Throughout the day at the Bison Range, the students, and tribal cultural experts explored the connection between tribal health and well-being, and participated in Traditional Ecological Knowledge (TEK) hands-on learning exercises. The tribal cultural participants included Myrna Dumontier, Tim Ryan, Arlene Adams and Wayne McCoy as well as Kootenai Elder Mike Kenmille who chipped in a few words of wisdom.

TERS students harvest dogbane

TERS students harvest dogbane that they will extract fibers from to make cordage.

The day began with finding a balance of the mind, body and spirit for better health exercise. The students suggested to what constituted a healthy mind, a healthy body and a healthy spirit. A healthy balance of the three is important for self-awareness and confidence which are important ingredients to navigate a healthy life with a greater sense of well-being.

Each participant measured their well-being including biometrics of blood pressure, pulse, and oxygen levels, before and after participating in each of traditional ecological activities offered that day. The activities included making cordage/rope from dogbane, cattail mats, and canoe paddles. Their findings will be shared in student-produced videos in May.

Tim Ryan, head of Salish Kootenai College Culture and Language Department, gave an example of how the Ancestors used dogbane fibers to make cordage/rope. The students walked to an area where they could harvest dogbane, collected it and returned to Buffalo Park to learn how to manually access the fibers in the bark of the dogbane. Ryan said it was an example of how Indigenous people used the natural environment to provide for their needs like people use Walmart today to supply their needs.

Ryan said people, including the young students, can learn from the natural environment whether it’s animated or inanimate — all of creation is alive.

In reference to Ryan’s Walmart analogy Kootenai Elder Mike Kenmille said “Mother Nature is the Indian All-Mart. Everything you need is out here, has been from the beginning of time.”

TERS student Chula DuMontier

TERS student Chula DuMontier offers some student input on what comprises a heathy mind, body and spirit.

TERS student Chula DuMontier said she is learning more about the traditional ways of the ancestors and their connection with the natural environment that in the past was their school that taught them how to live in harmony with the nature.

“Our Ancestors, through observation learned how to use the natural resources available to them and passed down that knowledge,” Chula said, adding that she is part of a research project related to the medicinal plants that Indian people used as part of their health maintenance back in the day to modern times. “It’s important for Native students to learn about health and this research project is a good way to expose them to that through traditional ecological knowledge.”

The other TERS students involved in the medicinal plants project are Orion Kennedy, Susep Whitworth and Sxwlelwx Bell.

Kootenai Elder Mike Kenmille

Kootenai Elder Mike Kenmille addresses the TERS students about putting their cell phones away and paying attention.
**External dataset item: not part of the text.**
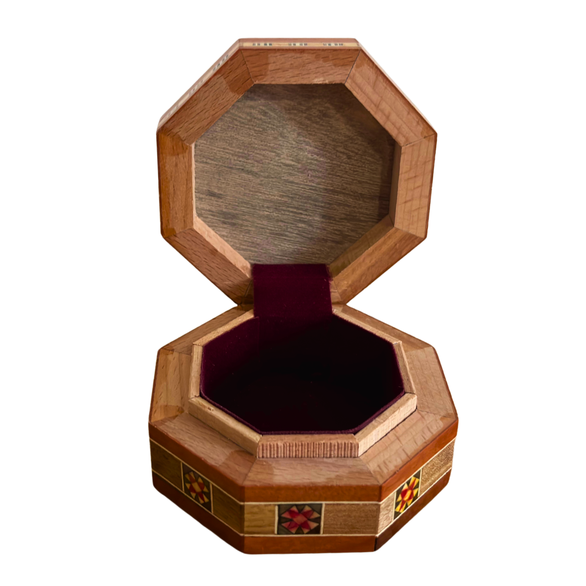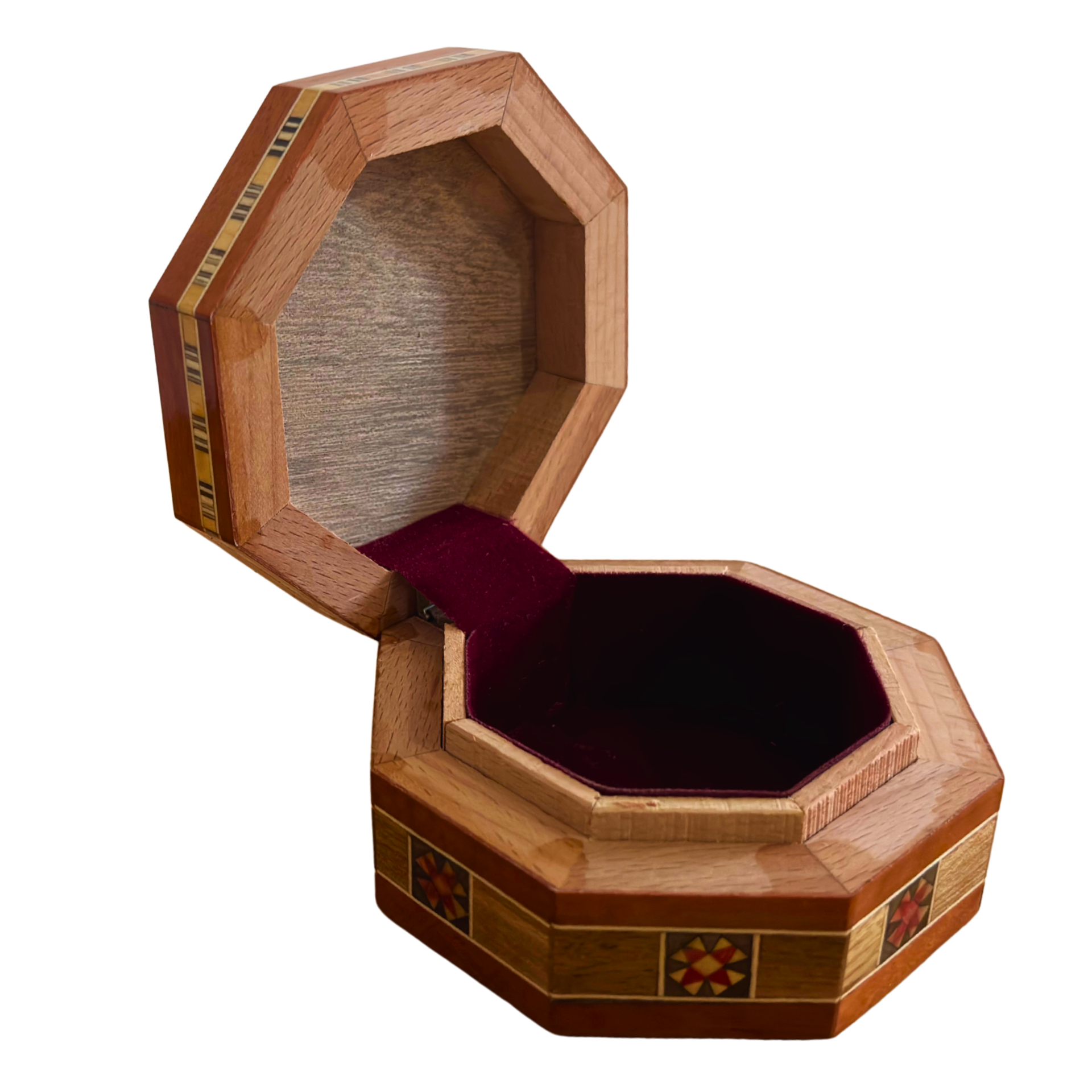 Scatola ottagonale damascata per gioielli – Legno artigianale con intarsi in madreperla in caldo terracotta rustico

Duley said the award is part of the Science Education Partnership Award program of the National Institutes Health grant to the City of Missoula in partnership with Confederated Salish and Kootenai Tribes’ Tribal Education Department and Salish Kootenai College.

The six-month “sub award” for the TERS-related project is part of a larger award from the NIH SEPA program granted the City of Missoula in 2019 to build a collective that is devoted to building inclusive on-ramps to science, technology, engineering and mathematics (STEM) education and career pathways that align with the unique needs of the Missoula community and Flathead Reservation students.

The Mipnunum k̓ itki kȼiǂ project is led by Michelle Mitchell, Bill Swaney, Tim Ryan, Stephanie Fisher, Marie Torosian, Myrna Dumontier, Holly Truitt and Amanda Duley.

The team goal/hope is that the Mipnunum k̓ itki kȼiǂ project can serve as a model program to be used by other schools to include urban Indian youth and other reservations.